Records from a dataset:
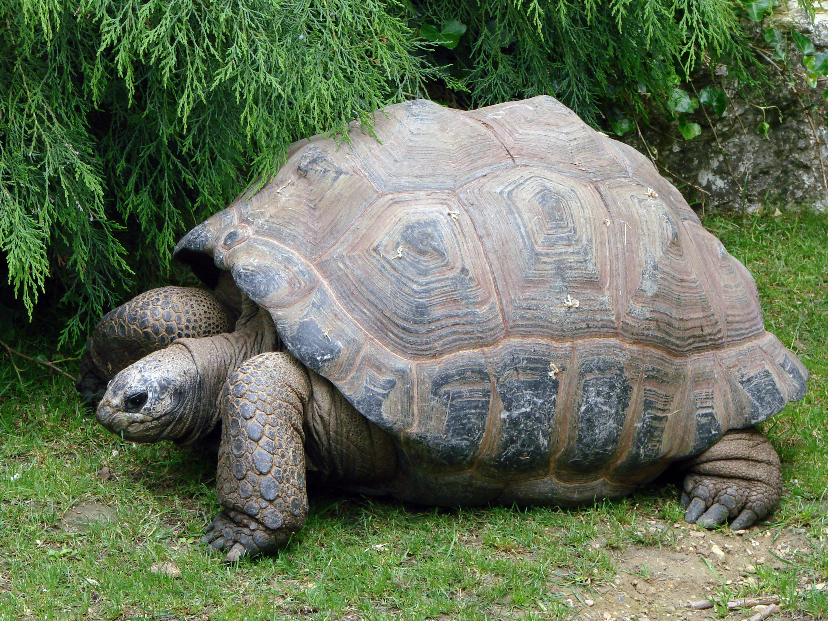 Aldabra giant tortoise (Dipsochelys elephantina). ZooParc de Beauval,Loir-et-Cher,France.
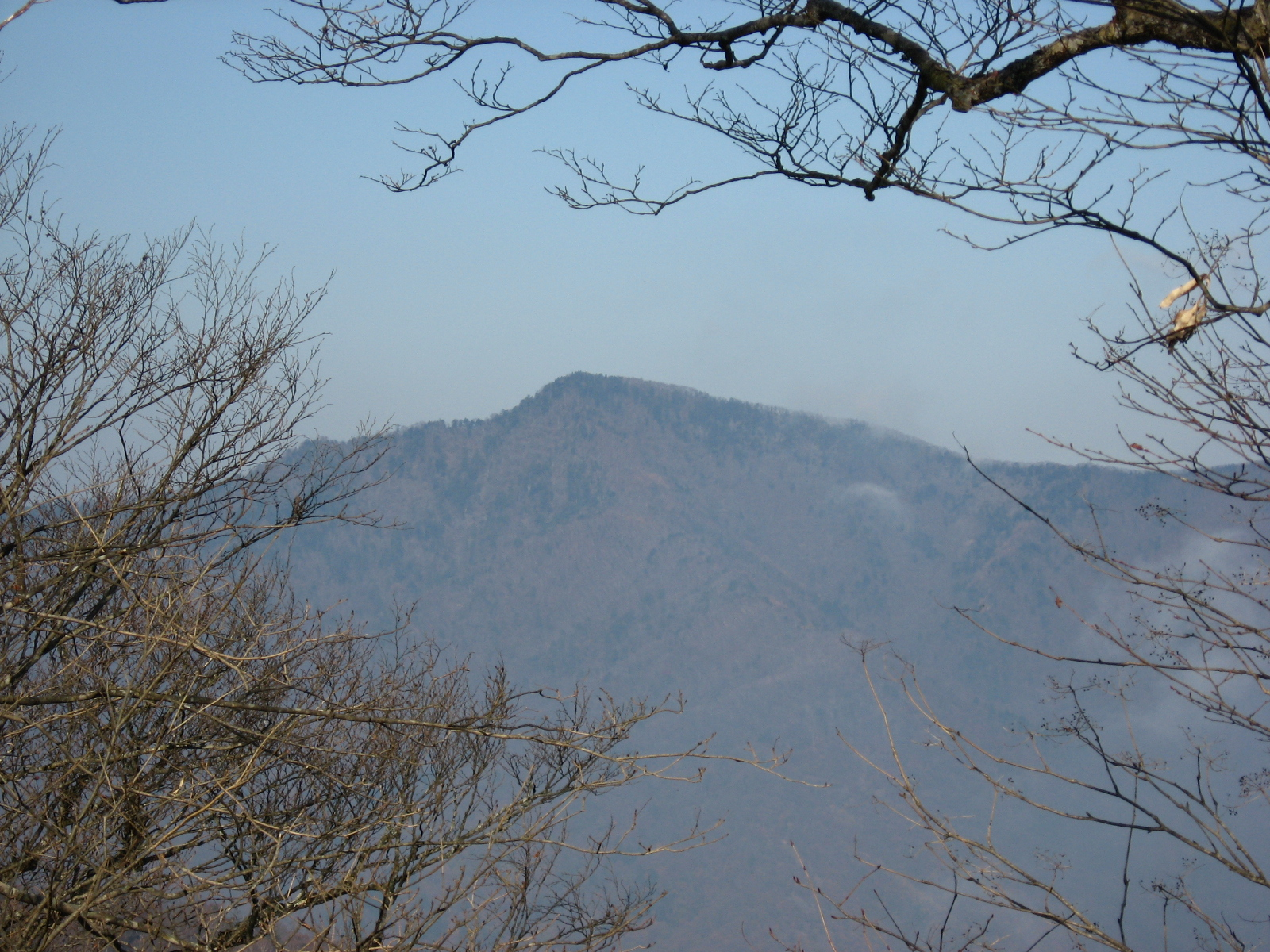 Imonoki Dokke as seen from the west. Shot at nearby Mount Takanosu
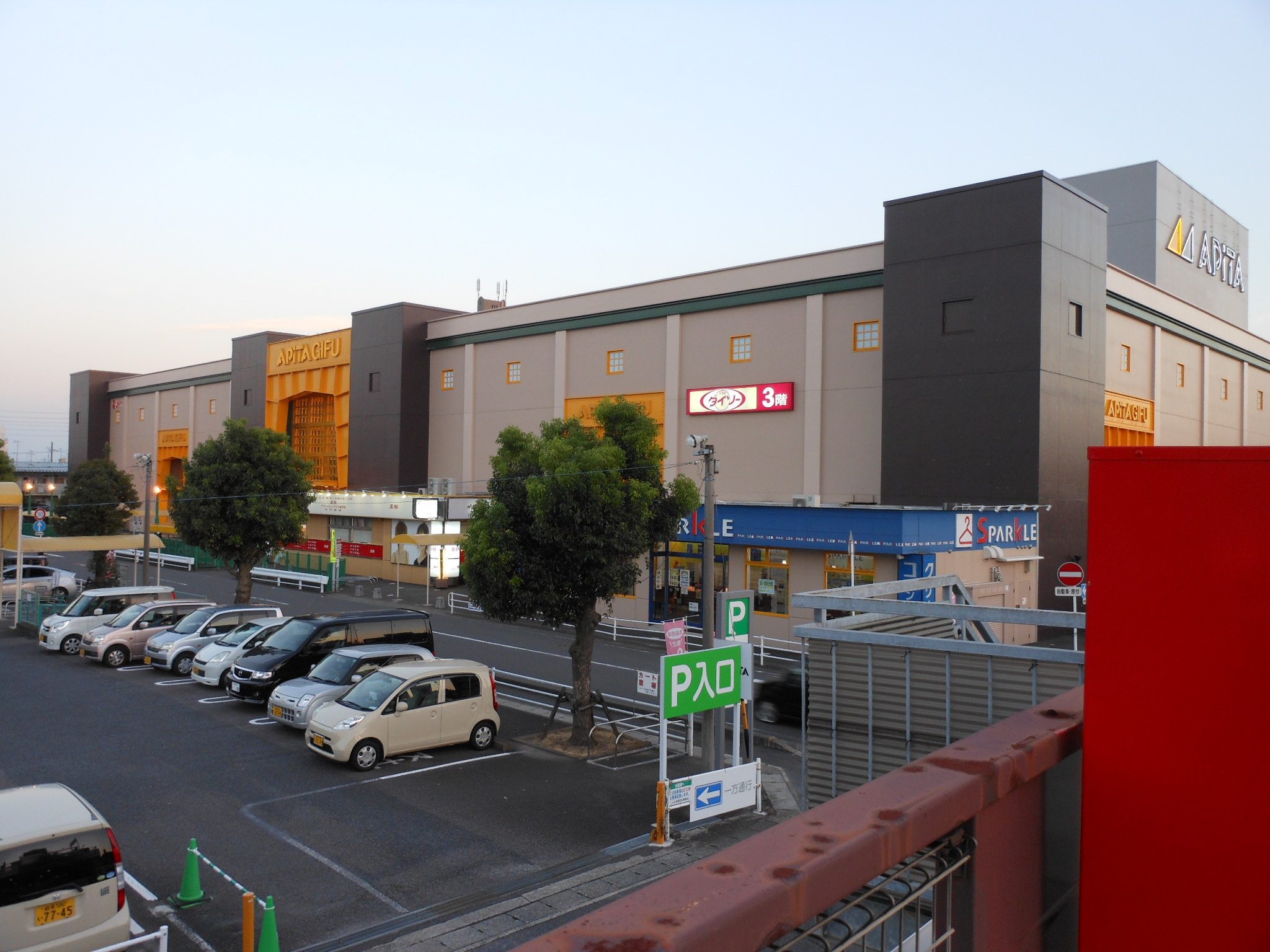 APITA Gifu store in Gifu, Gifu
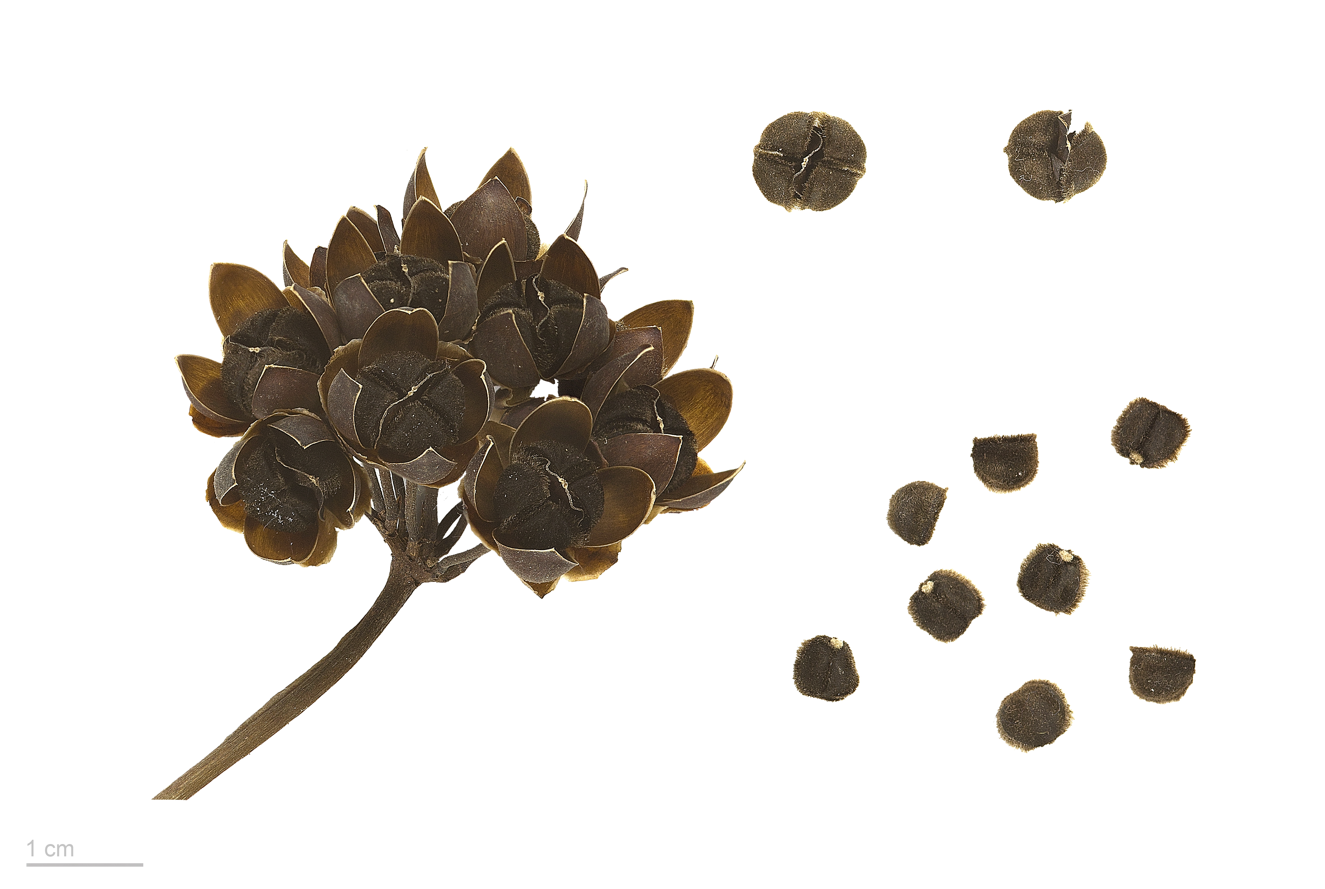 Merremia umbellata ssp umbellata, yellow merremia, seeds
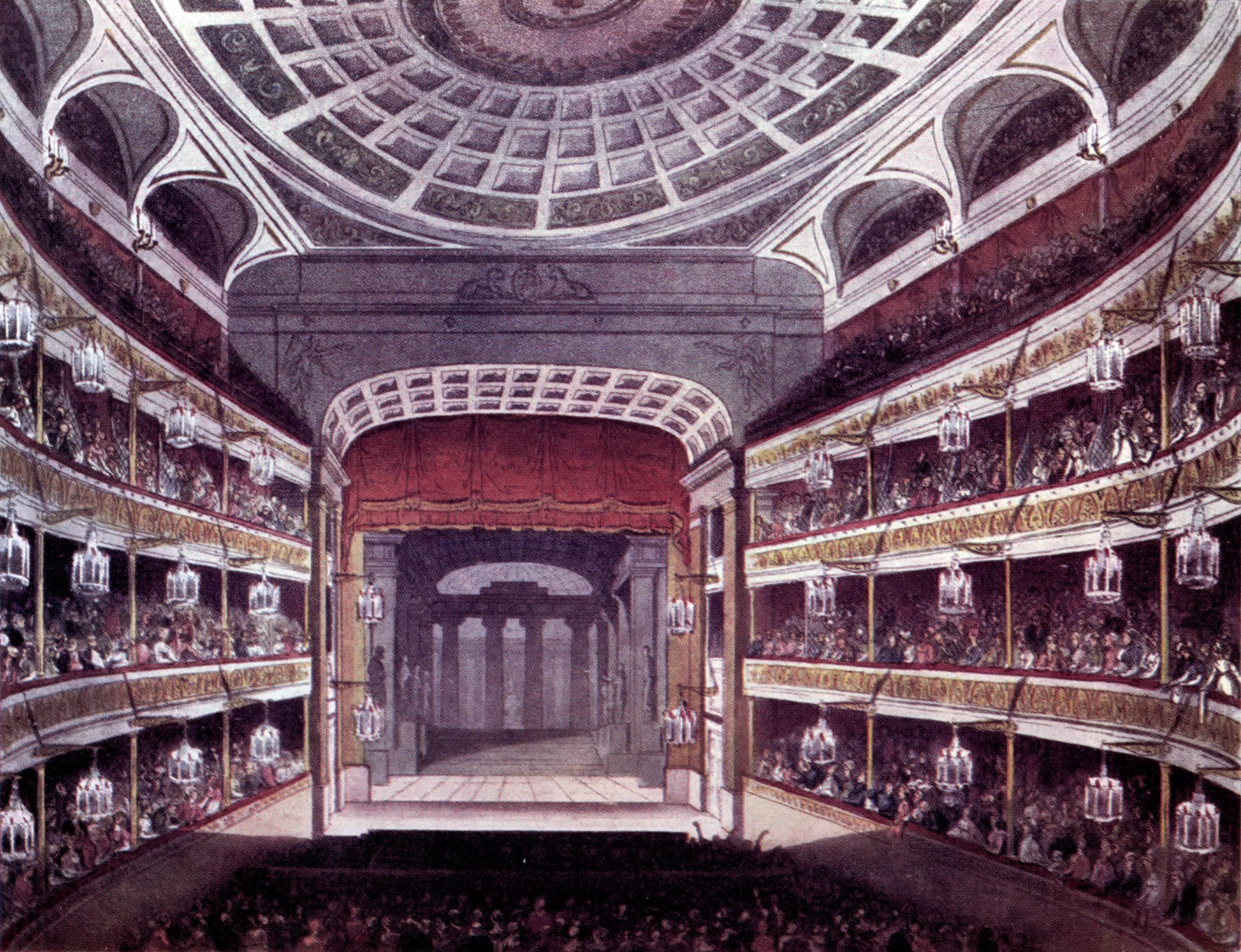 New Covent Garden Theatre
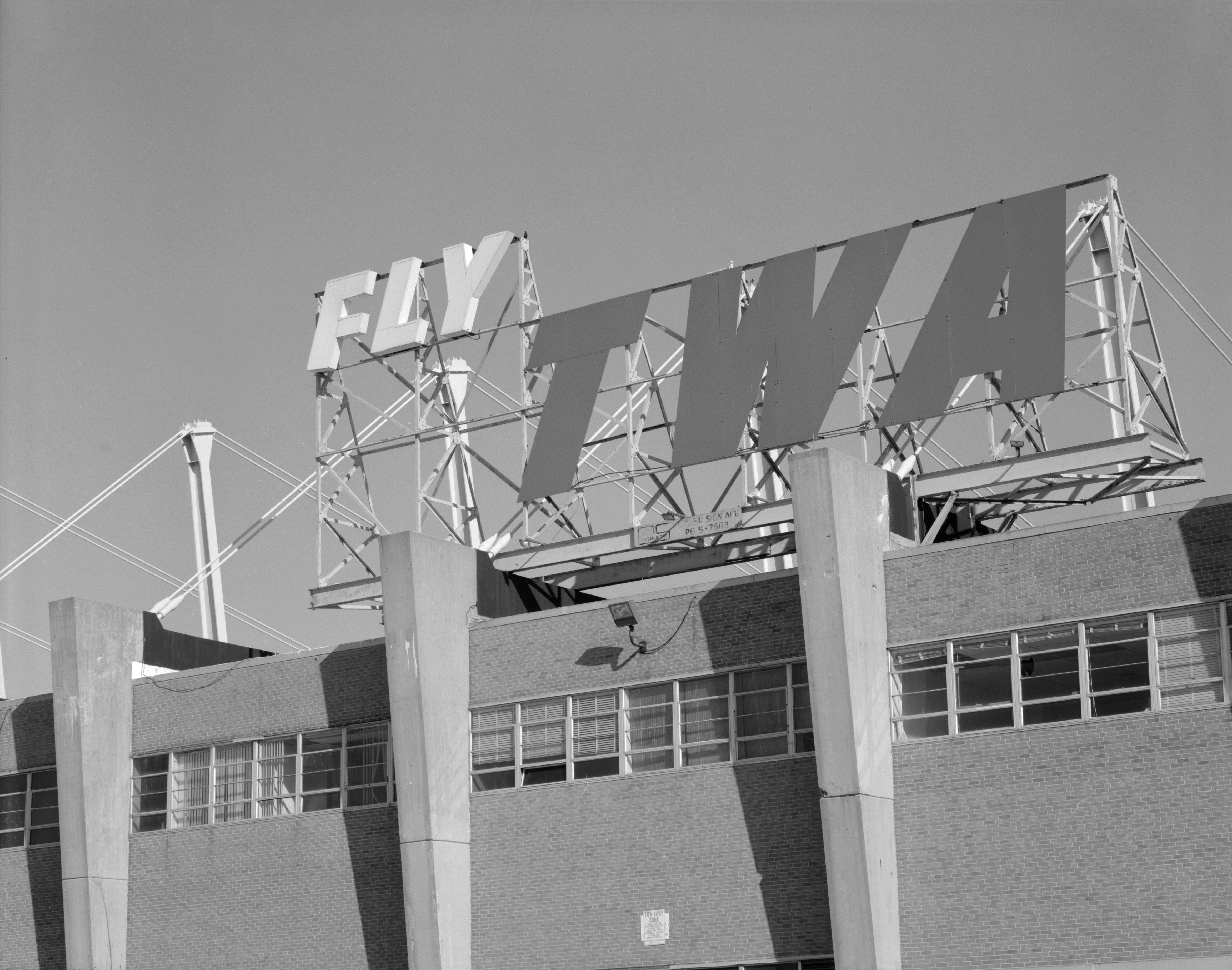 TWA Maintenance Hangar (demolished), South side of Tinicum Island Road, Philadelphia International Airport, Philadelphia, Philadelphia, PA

◆ **PROBLEM REQUIREMENTS**
With pictures left out, repeat exactly the lines from the one containing "APITA Gifu store in Gifu, Gifu" through the last line of the data above, inclusive, and nothing else.

◆ **FINISHED TASK**
 APITA Gifu store in Gifu, Gifu
 Merremia umbellata ssp umbellata, yellow merremia, seeds
 New Covent Garden Theatre
 TWA Maintenance Hangar (demolished), South side of Tinicum Island Road, Philadelphia International Airport, Philadelphia, Philadelphia, PA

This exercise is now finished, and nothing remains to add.